With Wonder Woman finally on the big screen, now is the perfect opportunity for DC Comics to release a one-shot starring her boyfriend, Steve Trevor. Wonder Woman: Steve Trevor #1 hits stores this week and it’s written by Nightwing‘s Tim Seeley with art from Christian Duce. The one-shot brings Steve’s friends from the movie into the comic book universe and introduces a potential new villain for Diana to face.
Writer: Tim Seeley
Artist: Christian Duce
Publisher: DC Comics
Here’s the synopsis from DC Comics:
When Wonder Woman saved Steve Trevor from dying on the shores of Themiscyra, his life—and hers—changed forever!
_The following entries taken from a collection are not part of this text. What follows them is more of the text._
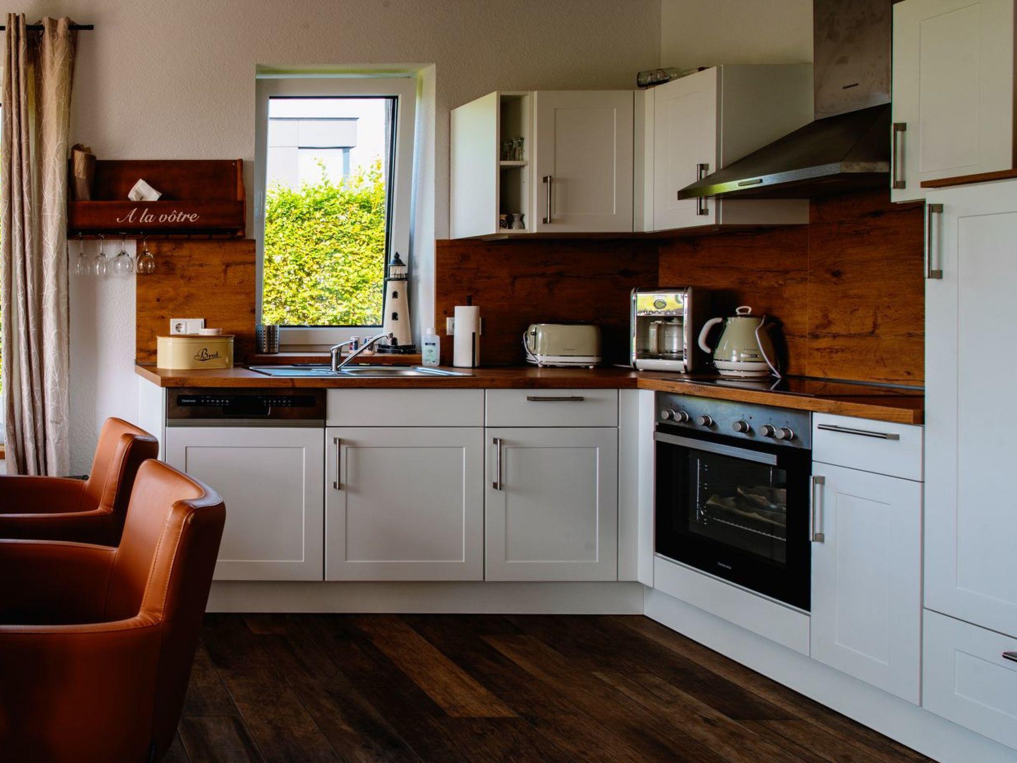 The kitchen has everything you need for a carefree stay as well as a dining table for six people.
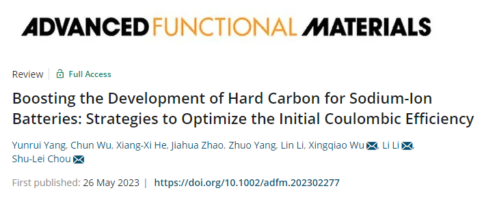 该论文以“Boosting the Development of Hard Carbon for Sodium-Ion Batteries: Strategies to Optimize the Initial Coulombic Efficiency”为题发表在国际权威期刊《Advanced Functional Materials》上,第一作者为男同性恋AV
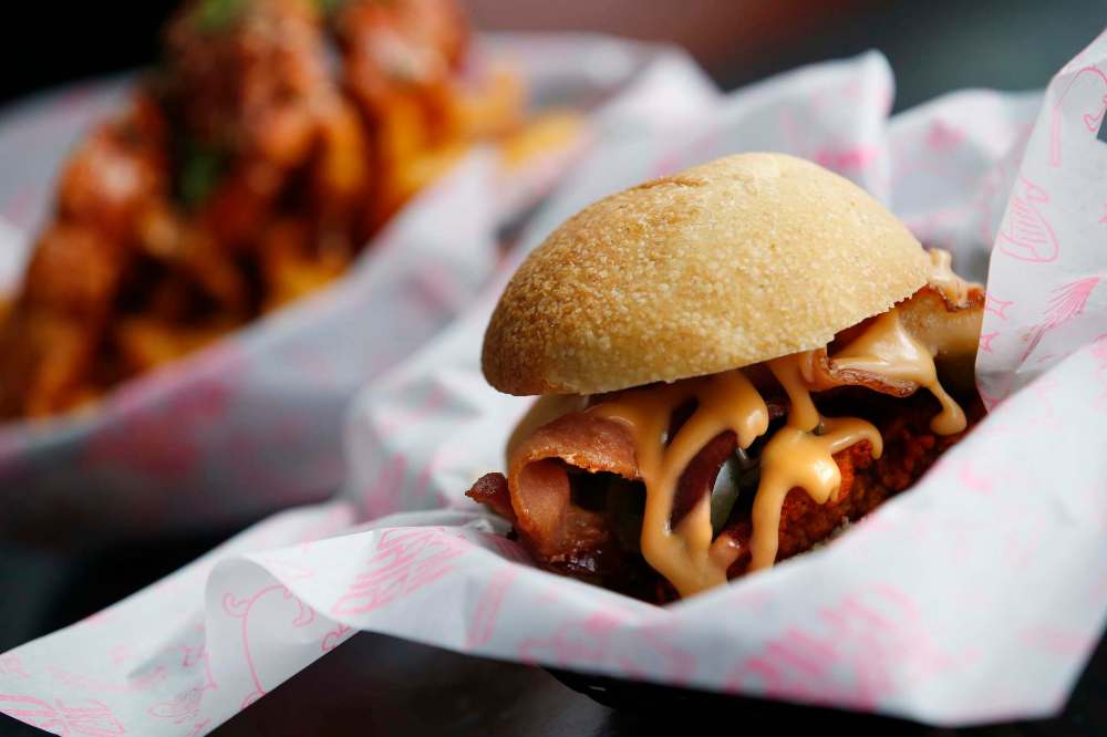 Tasty, fall-apart-ish chicken on a bun options include the Cheese Wizard, battered chicken gussied up with pickled jalapeños, thick cheese sauce and bacon. There are also wings (not sampled), both dry and saucy.
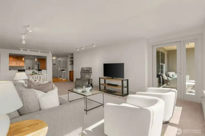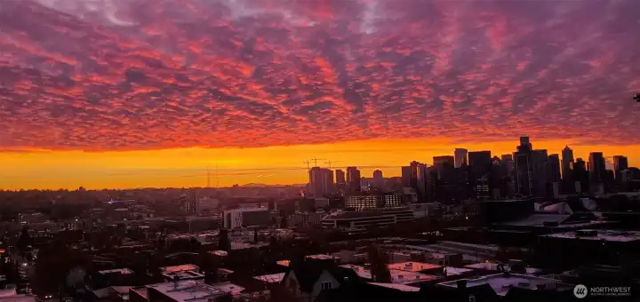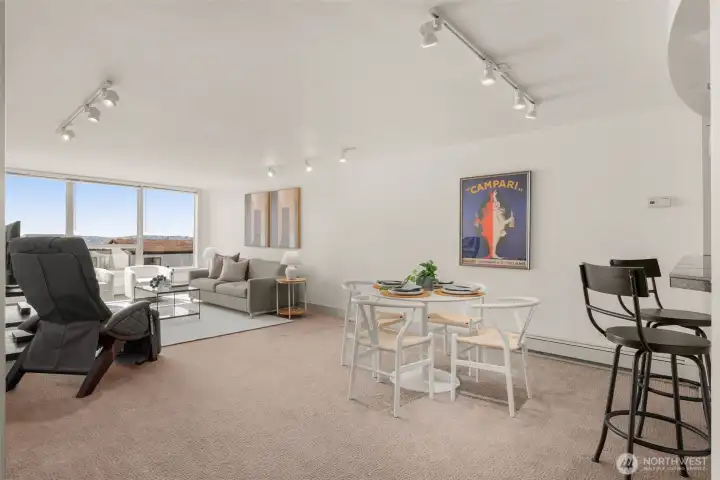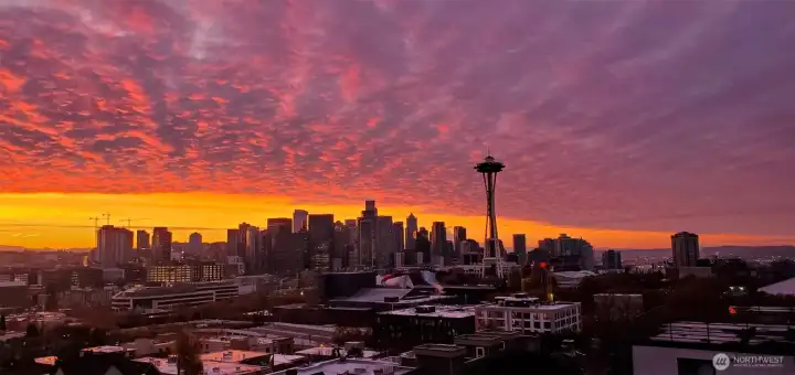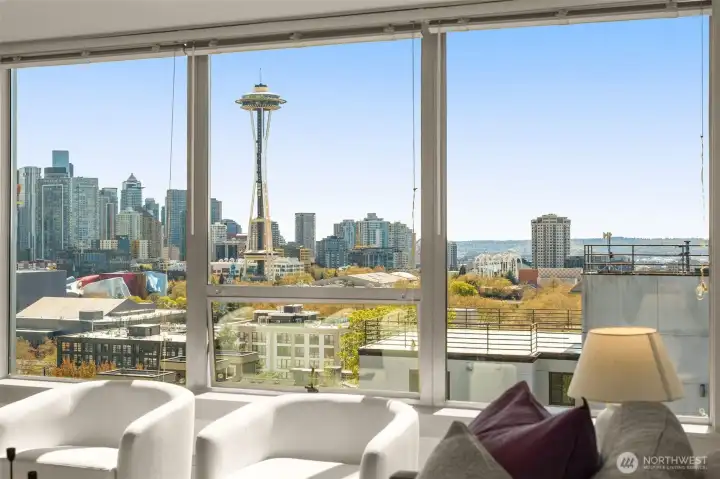 Iconic, unobstructed views of Downtown Seattle, the Space Needle, and Elliott Bay set the tone for this south-facing Queen Anne condo—an ever-changing backdrop you’ll never tire of. Perched on the coveted south slope in a boutique 20-unit building, this light-filled home offers 2 bedrooms, 1.75 baths, including a comfortable primary suite, and a well-designed 1,110 square foot layout. The updated kitchen features gas cooking, cherry cabinetry, granite countertops, stainless steel appliances, and a breakfast bar perfect for your morning routine, while expansive south-facing windows bring in beautiful natural light throughout the day. Enjoy generous closets and storage, including a large storage area conveniently located just in front of your reserved parking spaces, along with an in-unit washer and dryer. Two deeded parking spaces add rare convenience, and the building is pet-friendly. Ideally located near Queen Anne shopping and dining, South Lake Union, Climate Pledge Arena, and Downtown, with easy access to Myrtle Edwards Park and Seattle Repertory Theatre. Step onto the deck and take in the full, unobstructed panorama, there is no place you would rather start and end your day enjoying the iconic views!

In this special issue, learn more about the tumultuous partnership these two have had over the years…and get a hint at where it’s going in the future! Have these two finally admitted they’re meant for each other? Or do the Fates have other ideas?
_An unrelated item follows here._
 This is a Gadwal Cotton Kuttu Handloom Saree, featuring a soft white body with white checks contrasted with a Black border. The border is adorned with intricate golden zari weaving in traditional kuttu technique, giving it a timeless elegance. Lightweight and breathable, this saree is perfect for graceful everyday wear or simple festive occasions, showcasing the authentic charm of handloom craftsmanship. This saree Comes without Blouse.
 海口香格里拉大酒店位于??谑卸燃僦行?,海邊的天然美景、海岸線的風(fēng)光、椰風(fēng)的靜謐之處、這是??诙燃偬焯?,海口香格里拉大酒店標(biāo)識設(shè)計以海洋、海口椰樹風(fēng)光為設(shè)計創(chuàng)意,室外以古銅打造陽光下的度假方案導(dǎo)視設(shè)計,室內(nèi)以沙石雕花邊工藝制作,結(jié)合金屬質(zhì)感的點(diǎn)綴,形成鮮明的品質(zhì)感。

The new issue gives Steve a chance to star in his own story, without Diana sweeping in to save his skin. After a quick Raiders of the Lost Ark-esque opening adventure that at least gives Diana some screen time, Steve is off on his own mission.
He’s off to help save the Oddfellows – three characters who are suspiciously similar to the guys we met in the Wonder Woman movie. There’s the sniper Charlie, con man Sameer and smuggler Chief. We also meet a dangerous villain named Saturna and her Crimson Men gang who are after what the Oddfellows have.
The issue is a neat little adventure, recasting Steve as the star of a long-lost Grayson issue. Seeley’s use of an inner monologue gives us a lot of information while keeping the story moving forward and bringing it to a concise finale while also leaving the door open for another Steve solo mission.
It’s clear that the main goal of the story is to bring in the characters from Wonder Woman the movie. Considering that the film has been such a monster hit at the box office, the release of the book is perfectly timed. That said, there’s nothing really impressive about the issue. Duce’s art is fine, but it’s not unique. Seeley’s writing of covert operations is the star here.
The best thing about the book though is the covers. Paul Renaud’s main cover and Yankick Paquette’s variant would make for great posters.